并且Spark也只在worker级别做了failover,worker挂了,没事把上面的tasks换个worker重新replay出来即可, 但是并没有做driver的failover,driver挂了就失败了
因为Spark本身就看成是个query engine,query失败了没什么损失,again就ok
但是对于SparkStreaming,这个问题就没有那么简单了,如果driver挂掉,不做任何处理,恢复以后到底从哪里开始做?
首先一定会丢数据,影响正确性,因为流数据是无限的,你不可能像Spark一样把所有数据replay一遍,即使source支持replay,比如kafka
所以对于Streaming的checkpoint分为两部分,RDD的cp和DStreamGraph的cp
对于RDD的cp和Spark是一致的,没有区别
下面谈谈对于DStreamGraph的cp,目的就是在StreamingContext被重启后,可以从cp中恢复出之前Graph的执行时状况
a. Graph对象是会整个被序列化到文件,而其中最关键的是outputStreams,看似这里只会persist最终的outputStreams,其实会persist整个graph上所有的DStream
因为在def dependencies: List[DStream[_]]会包含所有的上一层DStream,依次递归,就会包含所有的DStream对象
在恢复出DStream对象后,如何恢复当时的RDD状况,可以看到generatedRDDs是@transient的,并不会被persist
答案在DStream.DStreamCheckpointData中,通过currentCheckpointFiles可以记录下cp时,generatedRDDs中所有完成cp的RDD的(times,cpfilename)

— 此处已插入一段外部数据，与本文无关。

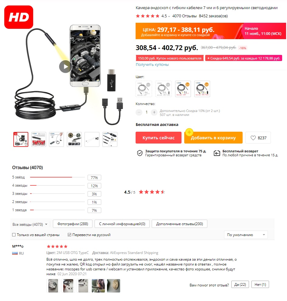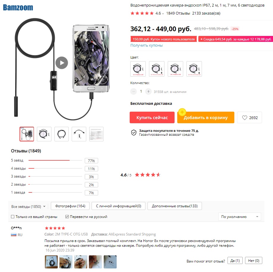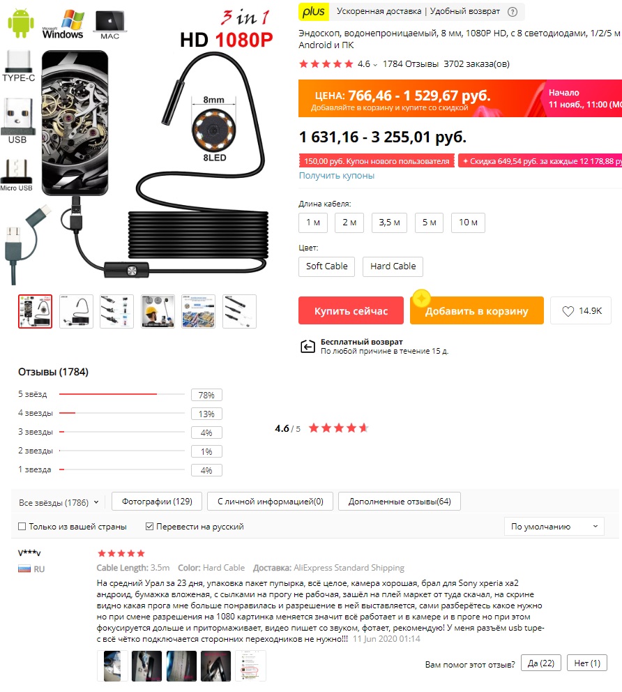 К телефону или компьютеру устройство подключается быстро, но для некоторых смартфонов требуется дополнительный переходник. Его придется докупить заранее на АлиЭкспресс или в другом магазине. К недостаткам эндоскопа относят то, что камера греется из-за встроенных светодиодов. Не стоит подолгу держать ее включенной, оптимальное время непрерывного использования – 2 минуты. Если предмет находится на расстоянии 4 см (и ближе) от объектива, есть риск расфокуса. Придется потратить время, чтобы найти подходящий угол обзора.

所以在恢复时只需要将RDD从cpfile中读出来,并加入到generatedRDDs即可
并且cpfile是需要清理的,当每次完成DStreamGraph的cp时,在该graph中的最老的RDD之前的所有RDD的cpfile都可以删掉,因为这些老的RDD不可能再被用到
b. 在Checkpoint对象中除了graph对象,还有该比较重要的是pendingTimes,这个记录在cp时,有多少的jobs没有被提交
这样当JobScheduler重新启动的时候会重新提交这些jobs,这里是at-least once逻辑,因为不知道在cp完多久后crash,所以其中某些job有可能已经被成功执行
创建cp的过程,
1. 在JobGenerator中,每次提交一组jobs到Spark后,会执行对DoCheckpoint将Checkpoint对象序列化写入文件(其中Checkpoint对象包含graph对象等信息)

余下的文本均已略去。